If a dispute arises as to the existence of good cause for the production of requested records, the parties and the Monitor shall meet and confer to resolve such issues. If the parties and the Monitor cannot resolve a dispute over whether good causes exists for the production of requested records, the Monitor may seek relief in Court.

Medical and mental health records produced to the Monitor are subject to the Stipulated Protective Order entered by the Court on February 7, 2017, Dkt. 188.

C. Jail Tours

The Monitor shall conduct a minimum of one Jail tour during each 6-month period that the SACD remains in effect. The Monitor shall conduct a minimum of four Jail tours. The Monitor shall conduct three tours by no later than April 15, 2024. The Monitor shall be conduct the fourth tour by no later than August 15, 2024. If the SACD is extended beyond January 31, 2025, the Monitor shall conduct one monitoring tour every six months until the SACD is terminated.

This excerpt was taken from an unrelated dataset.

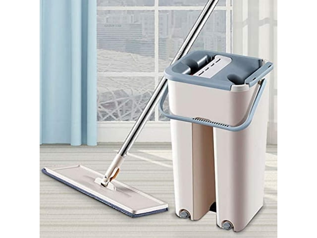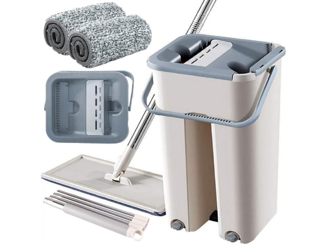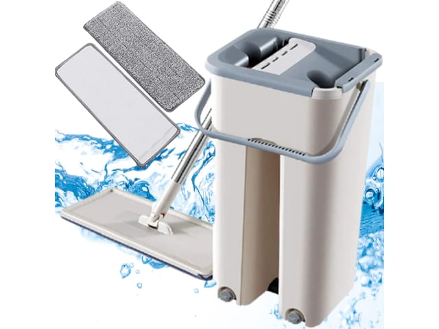 Posiada wiaderko dwukomorowe na czystą i brudną wodę.

The Monitor and his or her experts shall be entitled to an inspection of the Jail upon written notice provided at least (72) hours prior to said inspection. The tour shall be conducted in a manner that does not unreasonably interfere with Jail operations. The Monitor shall have reasonable access to all parts of the Jail that are covered by or involve a provision of this SACD. During the tour, if reasonable and practical under the circumstances, the Monitor shall have access to Jail staff, staff of the Third-party Medical Provider (including, but not limited to, Qualified Mental Health Professionals and administrators), and incarcerated people.

If, at any time other than a Jail tour, the Monitor requests to speak to Jail staff, staff of the Third-party Medical Provider, or incarcerated people in order to discharge the Monitor's duty to monitor Defendants' compliance with the SACD, the Jail shall reasonably cooperate in making the person available to the Monitor.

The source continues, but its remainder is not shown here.